La tele

chemiserose

Estoy segura de que fue a propósito, él no hubiera cometido ese error jamás. Su rutina era perfecta, practicada doscientas cincuenta veces sin equivocaciones y tres veces con ligeros descuidos. A menudo creo que no era más que un exhibicionista y que por eso se mató frente a millones de personas. Sí, frente a millones, aunque tal vez la única mirada que le importó fue la de Natalia, la  mujer que meses antes lo había abandonado con el pretexto de no interferir con su riguroso entrenamiento.

Estaba segura de que  él habría podido ser feliz sin tocarla porque no era un obseso del sexo como ella pensaba o  como ella,  más bien, lo deseaba. Lo dejó porque se sabía incapaz de estar tanto tiempo sin hacer el amor.
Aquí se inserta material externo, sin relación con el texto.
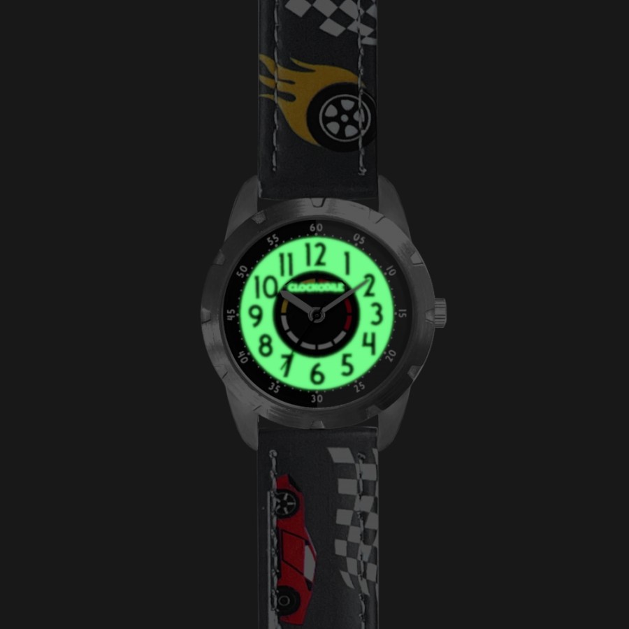 CLOCKODILE Svítící šedé chlapecké hodinky ZÁVODNÍ AUTA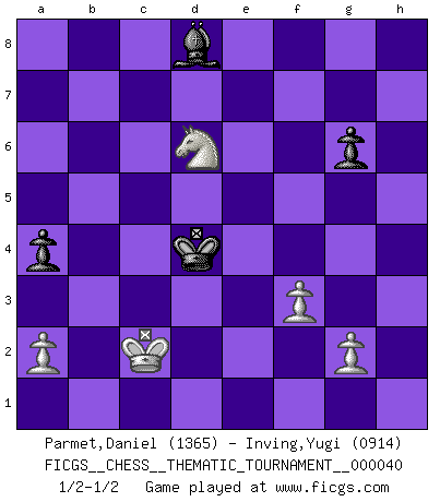 Last move : 1/2-1/2 2008 February 6 0:17:3 [Event "FICGS__CHESS__THEMATIC_TOURNAMENT__000040"] [Site "FICGS"] [Date "2007.12.13"] [Round "1"] [White "Parmet,Daniel"] [Black "Inving,Yugi"] [Result "1/2-1/2"] [WhiteElo "1365"] [BlackElo "0914"] 1.e4 e5 2.Nf3 Nc6 3.Bc4 Nf6 4.Ng5 Bc5 5.Nxf7 Qe7 6.Nxh8 Qf8 7.Nf7 d5 8.Bxd5 Nxd5 9.exd5 Qxf7 10.O-O Qxd5 11.Qh5+ Qf7 12.Qxf7+ Kxf7 13.c3 a5 14.d3 Bf5 15.Be3 Be7 16.d4 exd4 17.Bxd4 Nxd4 18.cxd4 Rd8 19.Nc3 Rxd4 20.Rad1 c5 21.Rfe1 Bc2 22.Rxd4 cxd4 23.Nd5 Bd6 24.Nb6 d3 25.Nc4 Bb4 26.Re4 b5 27.Ne5+ Kf6 28.Ng4+ Kf5 29.Rd4 Ke6 30.Ne3 Bc5 31.Re4+ Kd7 32.Nf1 d2 33.Nxd2 Bxe4 34.Nxe4 Bd4 35.b3 Kc6 36.Kf1 Kd5 37.f3 Be5 38.h4 Kd4 39.Ke2 a4 40.bxa4 bxa4 41.h5 g6 42.hxg6 hxg6 43.Kd2 Bc7 44.Kc2 Ba5 45.Nd6 Bd8 1/2-1/2 Two knights defense : Wilkes Barre (Traxler) variation Kingside Castling by player White (move 10) 10 pieces endgame at move 42 : White KNPPPP , Black KBPP WHITE : King + 1 Knight 4 Pawns BLACK : King + 1 Bishop 2 Pawns 9 pieces endgame at move 42 : White KNPPP , Black KBPP WHITE : King + 1 Knight 3 Pawns BLACK : King + 1 Bishop 2 Pawns This chess game ended in a draw. Follow this game move after move (download)Though most people love to look at the games of the great attacking masters, some of the most successful players in history have been the quiet positional players. They slowly grind you down by taking away your space, tying up your pieces, and leaving you with virtually nothing to do ! (Yasser Seirawan) Frage des Reporters: -Welche besonderen Umstände rechtfertigen das Anhalten der Uhren während einer Turnierpartie? Antwort: -Einen Fotographen zu strangulieren. (Siegbert Tarrasch) Cuando tengo las piezas blancas, yo gano porque soy blanco; Cuando tengo las piezas negras, yo gano porque soy Bogolyubov. (Bogolyubov) Comme les marins qui ont mille raisons différentes d'aller en mer, les joueurs d'échecs en ont tout autant avant de s'installer devant une table et jouer... (Vincent Bertignac, philosophe) Art disturbs, science reassures. (Georges Braque, Le Jour et la Nuit)

No pretendía lastimarlo, pero desde los quince años estaba esclavizada al placer y fornicar le era una urgencia todo el tiempo. Ninfómana es una palabra que siempre le ha causado desagrado, pero es la que mejor refiere su conducta sexual.

Nunca me pareció una buena idea que Urías y ella vivieran juntos, no por tener un prejuicio especial contra la ninfomanía o la bisexualidad, sino porque conocía bien al tipo y no era difícil adivinar que una relación de ese calibre no iba a poderla soportar. Tenía una memoria demasiado buena como para lidiar con el amor sin lastimarse.  Además, estaba su ingenuidad. La ingenuidad generalmente es un peligro para el amante que  descubre sin querer violencia en su lujuria o en la lujuria de otro. Eso le pasó a Urías, no tenía la perversión suficiente para presentir siquiera que Natalia no estaba loca por hacerle el amor todo el día y toda la noche, sino simplemente eternamente ansiosa de cualquier encuentro sexual. No advertía que su mujer habría estallado bajo el peso del carnicero exactamente del mismo modo en que se retorcía debajo de su cuerpo.

Por eso  cuando ella se marchó esperó desesperado a que pasara la competencia que, desde luego, era la más importante de su vida. Por fin los juegos olímpicos y él era el favorito  para conseguir el oro en  caballo con razones.  Al principio supuso que Natalia  anhelaba reunirse con él después de realizado el sueño. Qué equivocado estaba: la joven se dedicaba de lleno a  fornicar. Su época de fidelidad había terminado para siempre. Tan feliz era y tan libre que llegó a reprocharse a sí misma haber condenado su cuerpo al precipicio de la monogamia y a las mazmorras del sesenta y nueve, aunque sólo hubiera sido por unos pocos meses.

-Lo siento de verdad- eso pensó cuando  miró a Urías mirándola desde la entrada de un ascensor mientras aceptaba con desenfado el cunnilingus de un  botones regordete.

Él se desmoronó. No pudo comprenderlo, no entendió que lo que ella hacía nada tenía que ver con él. Pensó que actuaba para lastimarlo, que tenía algo en su contra o en contra de la gimnasia por cuya culpa habían tenido que distanciarse. El hecho de que a ella lo único que le importe sea la espuma del orgasmo nunca logró comprenderlo.

No volvió a verla, se dedicó compulsivamente a practicar su ejercicio en busca, no de la perfección, sino de un cansancio que no apareció jamás. Tuvimos incluso que prohibirle practicar durante las noches e inducirle el sueño con fármacos. Cuando llegamos a Egipto, lucía tranquilo.  Urías tenía seguro el oro y todos los medios electrónicos estaban cubriendo minuto a minuto  la actuación del prodigioso gimnasta.

Durante la competencia final, Natalia y yo descansábamos desnudas en la cama. Ella había llegado a la ciudad un par de horas antes porque, según dijo, amaba a Urías aunque fuera incapaz de controlar sus impulsos.

Fui por ella al aeropuerto, planeábamos ir juntas al estadio para verlo, pero antes decidimos pasar por el hotel a dejar sus maletas. Entramos en la habitación, inhalamos un poco de fucka y el deseo hizo sus estragos. Después, sólo nos quedó encender el televisor.  Vimos a Urías desnucarse como víctima de una torpeza garrafal. Sin meter siquiera las manos, saltó y estrelló la cabeza en un piso alfombrado de color desaire, frente al mundo entero y frente a los negros ojos de Natalia, que no daban crédito a la imagen que les regalaba el cinescopio. Ella lloró. Él estaba muerto. Yo encendí un cigarrillo y apagué la tele.